NullPointerException was thrown by topology optimization when two MergeNodes have common KeyChaingingNode

    XMLWordPrintableJSON

Details

    • Bug
    • Status: Resolved
    • Major
    • Resolution: Fixed
    • 2.3.0
    • 2.2.3, 2.5.0, 2.3.2, 2.4.1
    • streams
    • None

    Description

      NullPointerException was thrown by topology optimization when two MergeNodes have common KeyChaingingNode.

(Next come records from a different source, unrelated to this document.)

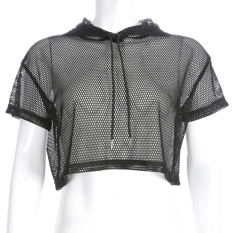 Футболка с короткими рукавами для женщин сетчатый топ с капюшоном с вырезами пикантные шорты в стиле панк-рок укороченный топ белая футболка в сеточку черного цвета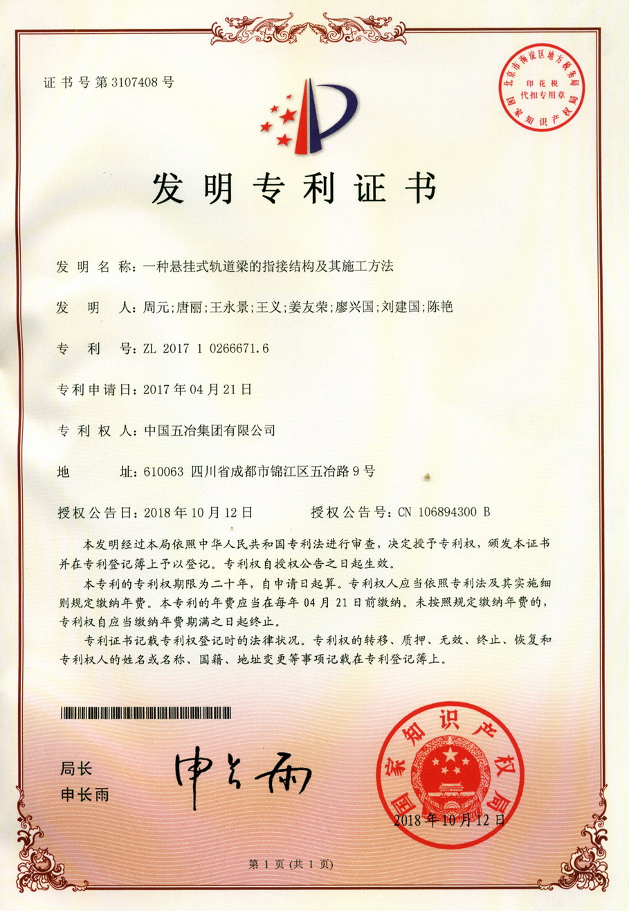 一種懸掛式軌道梁的指接結(jié)構(gòu)及其施工方法 ZL 201710266671.6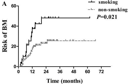 Figure 6: Comparison of the actuarial risk for developing BM. A. between smoking and non-smoking; B. among patients with EGFR-TKIs first-line treatment, second-line treatment, and third-line or multi-line treatment.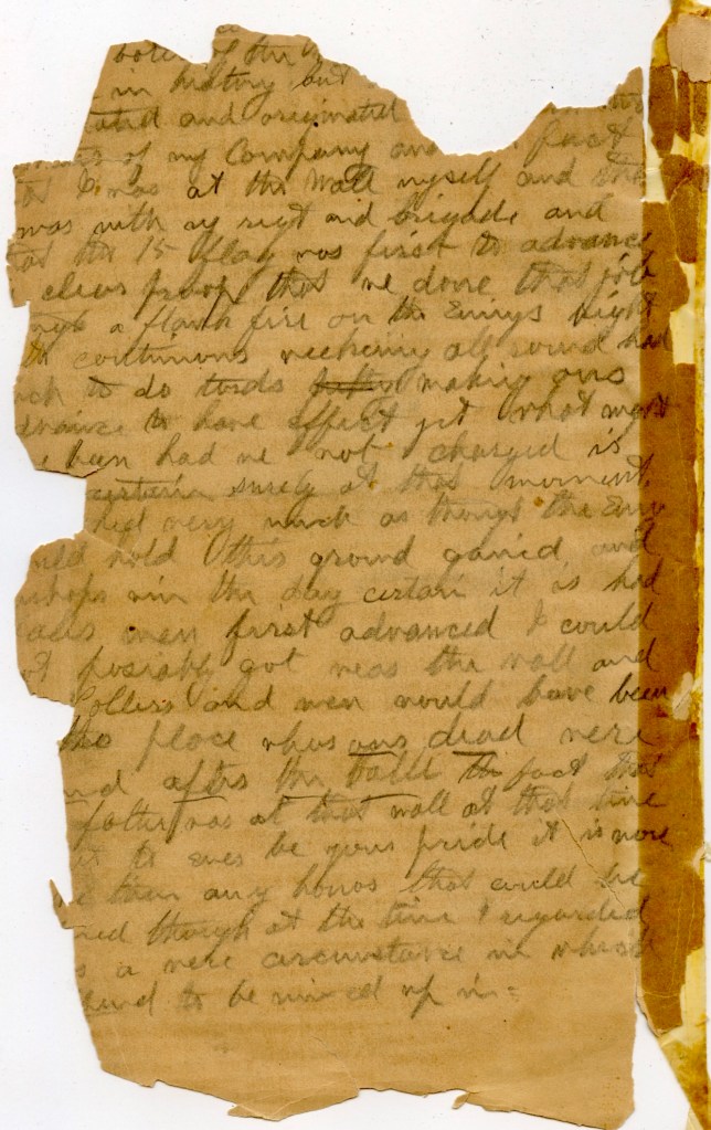 Our Brigade was not over 1,000 and the 15th [Massachusetts] flag was the first to advance though Gen. [Norman J.] Hall called out as we started for the wall, “Forward, that there color!” I thought it was one of his regiments and history gives to credit [writing illegible] which is false …of my company and in fact [ ] that I was at the wall myself and that [ ] was with my regiment and brigade and that the 15th [Mass.] flag was first to advance is clear proof that we done that job through a flank fire on the enemy’s right. The continuous [weakening?] all round had much to do towards making our advance to have effect. Yet what must have been had we not charged is uncertain. Surely at that moment it looked very much as though the enemy would hold this ground gained and perhaps win the day.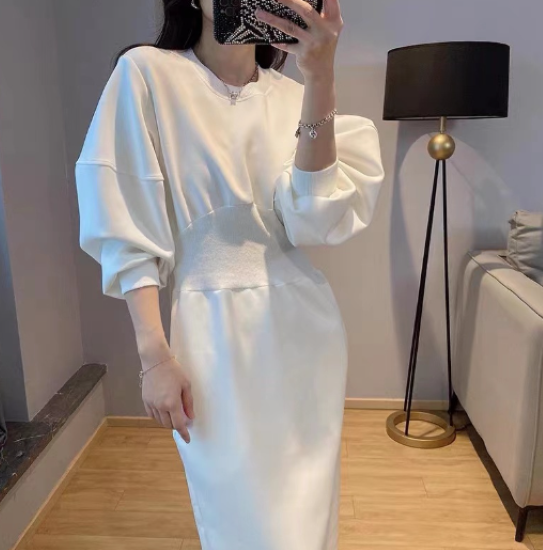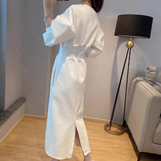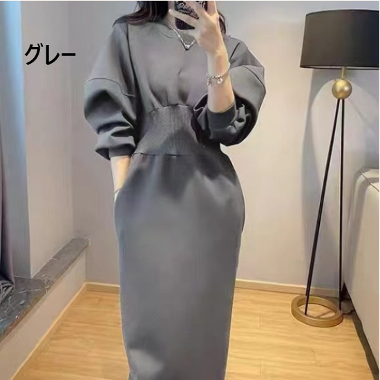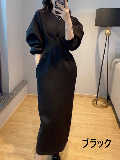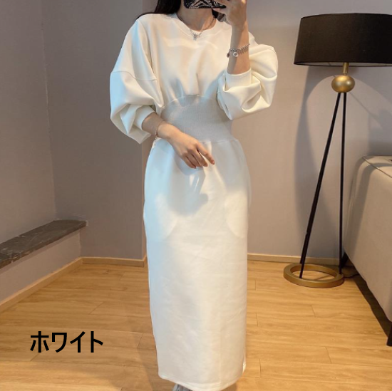 ワンピース レディース ロング丈 パフスリーブ ボリューム袖 ハイウエスト ラウンドネック シンプル 無地 コットン 綿 カジュアル お出かけ おしゃれ きれいめ エレガント 女性 ファッション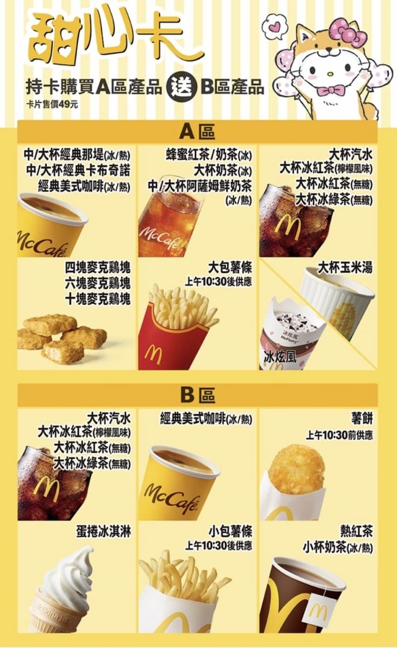 4. 經典 A 餐變成 65 元,跟單點大薯一樣價錢,「主食單點+甜心卡大薯 65 元送飲料」
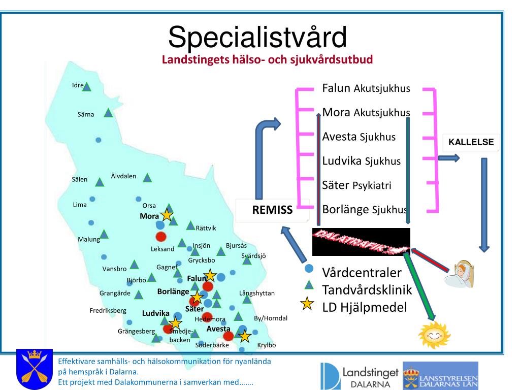 Specialistvård Landstingets hälso- och sjukvårdsutbud • Falun Akutsjukhus • Mora Akutsjukhus • Avesta Sjukhus • Ludvika Sjukhus • Säter Psykiatri • Borlänge Sjukhus • Vårdcentraler • TandvårdsklinikLD Hjälpmedel Idre Särna KALLELSE Älvdalen Sälen Lima Orsa REMISS Mora Rättvik Malung Insjön Bjursås Leksand Svärdsjö Grycksbo Gagnef Vansbro Falun Björbo Borlänge Grangärde Långshyttan Säter Fredriksberg Ludvika By/Horndal Hedemora Avesta Grängesberg Smedje- backen Söderbärke Krylbo Effektivare samhälls- och hälsokommunikation för nyanlända på hemspråk i Dalarna. Ett projekt med Dalakommunerna i samverkan med…….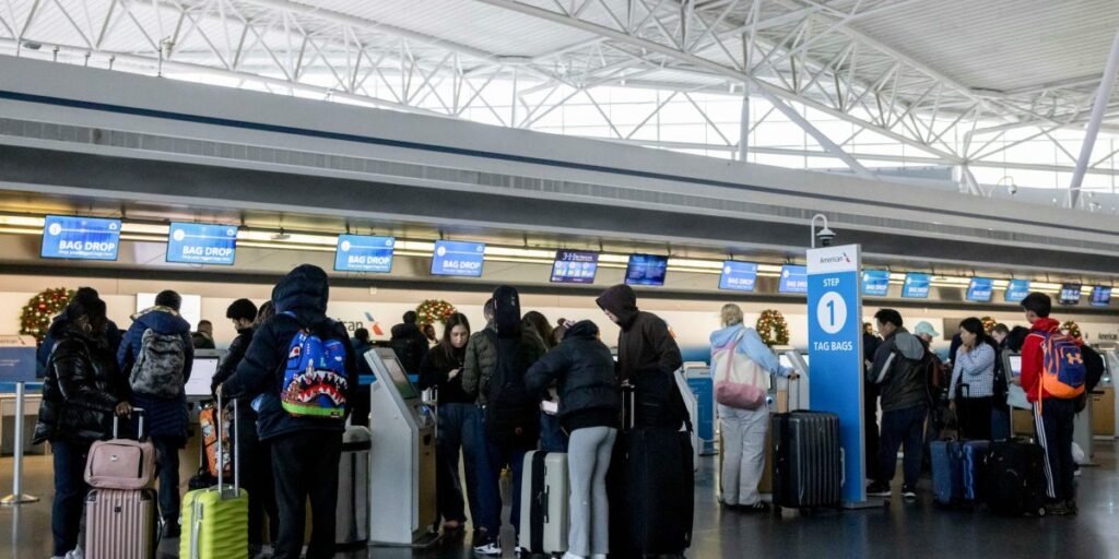 Passengers in the American Airlines check-in area at John F. Kennedy International Airport (JFK) in New York, USA, on Tuesday, December 24, 2024. American Airlines Group Inc. said a technical error by vendors was the cause of the shortfall. All US flights stop on Christmas Eve, one of the busiest days of the holiday travel season.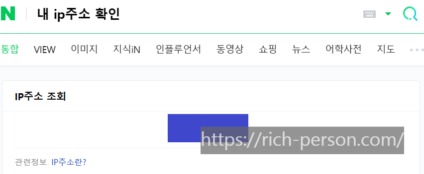 네이버 검색에서 내 IP주소 확인을 통해 지금 현재 내 고정 IP 주소로 변경되었는지 확인도 가능한데요.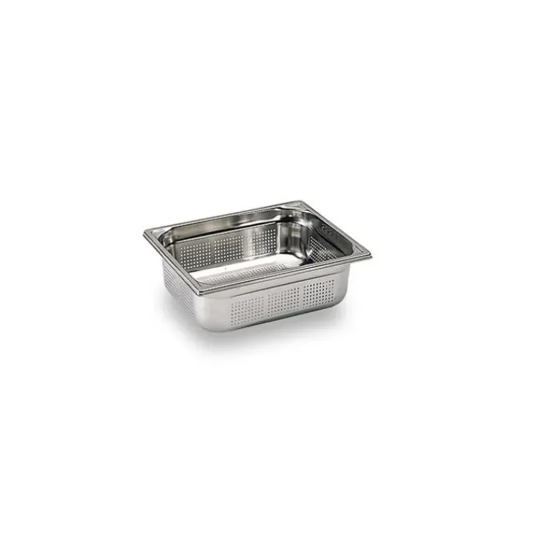 Le bac inox GN 1/2 possède des perforations de 3 mm sur le fond et sur les côtés. Cela lui permet d’offrir une cuisson vapeur homogène ou d’égoutter efficacement les aliments. Selon les préparations prévues, chacun pourra adapter son plan de travail en choisissant le bac gastro complémentaire. Par exemple, le bac inox GN 1/2 va de pair avec deux bacs inox 1/4. Cet ensemble peut être complété par le bac gastro GN 2/3 et GN 1/3.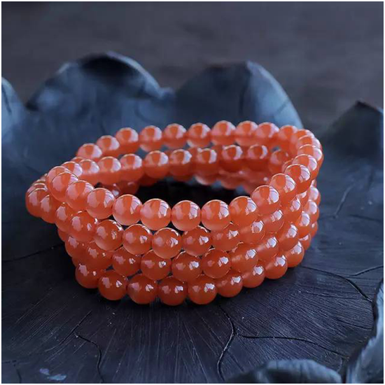 能称为极品的珠子,须达到几点,无矿无裂无水晶无杂线,自然光源下颜色一致无其他混色或纹理。可说是万里挑一,因南红料子属于玛瑙,会有天然的玛瑙纹,这是自然规律,无纹的可算逆天了,因为量少,稀有度高,很多人说纯色现在是个传说。因为做珠子的基本是通货里的垃圾料了,能出个好东西实属不易。

      Kafka Stream version: 2.3.0

      Code

      import org.apache.kafka.common.serialization.Serdes;
      import org.apache.kafka.streams.StreamsBuilder;
      import org.apache.kafka.streams.StreamsConfig;
      import org.apache.kafka.streams.kstream.Consumed;
      import org.apache.kafka.streams.kstream.KStream;
      
      import java.util.Properties;
      
      public class Main {
          public static void main(String[] args) {
              final StreamsBuilder streamsBuilder = new StreamsBuilder();
              final KStream<Integer, Integer> parentStream = streamsBuilder.stream("parentTopic", Consumed.with(Serdes.Integer(), Serdes.Integer()))
                      .selectKey(Integer::sum);  // To make parentStream KeyChaingingPoint
              final KStream<Integer, Integer> childStream1 = parentStream.mapValues(v -> v + 1);
              final KStream<Integer, Integer> childStream2 = parentStream.mapValues(v -> v + 2);
              final KStream<Integer, Integer> childStream3 = parentStream.mapValues(v -> v + 3);
              childStream1
                      .merge(childStream2)
                      .merge(childStream3)
                      .to("outputTopic");
      
              final Properties properties = new Properties();
              properties.setProperty(StreamsConfig.TOPOLOGY_OPTIMIZATION, StreamsConfig.OPTIMIZE);
              streamsBuilder.build(properties);
          }
      }
      

      Expected result

      streamsBuilder.build should create Topology without throwing Exception.  The expected topology is:

      Topologies:
         Sub-topology: 0
          Source: KSTREAM-SOURCE-0000000000 (topics: [parentTopic])
            --> KSTREAM-KEY-SELECT-0000000001
          Processor: KSTREAM-KEY-SELECT-0000000001 (stores: [])
            --> KSTREAM-MAPVALUES-0000000002, KSTREAM-MAPVALUES-0000000003, KSTREAM-MAPVALUES-0000000004
            <-- KSTREAM-SOURCE-0000000000
          Processor: KSTREAM-MAPVALUES-0000000002 (stores: [])
            --> KSTREAM-MERGE-0000000005
            <-- KSTREAM-KEY-SELECT-0000000001
          Processor: KSTREAM-MAPVALUES-0000000003 (stores: [])
            --> KSTREAM-MERGE-0000000005
            <-- KSTREAM-KEY-SELECT-0000000001
          Processor: KSTREAM-MAPVALUES-0000000004 (stores: [])
            --> KSTREAM-MERGE-0000000006
            <-- KSTREAM-KEY-SELECT-0000000001
          Processor: KSTREAM-MERGE-0000000005 (stores: [])
            --> KSTREAM-MERGE-0000000006
            <-- KSTREAM-MAPVALUES-0000000002, KSTREAM-MAPVALUES-0000000003
          Processor: KSTREAM-MERGE-0000000006 (stores: [])
            --> KSTREAM-SINK-0000000007
            <-- KSTREAM-MERGE-0000000005, KSTREAM-MAPVALUES-0000000004
          Sink: KSTREAM-SINK-0000000007 (topic: outputTopic)
            <-- KSTREAM-MERGE-0000000006
      

      Actual result

      NullPointerException was thrown with the following stacktrace.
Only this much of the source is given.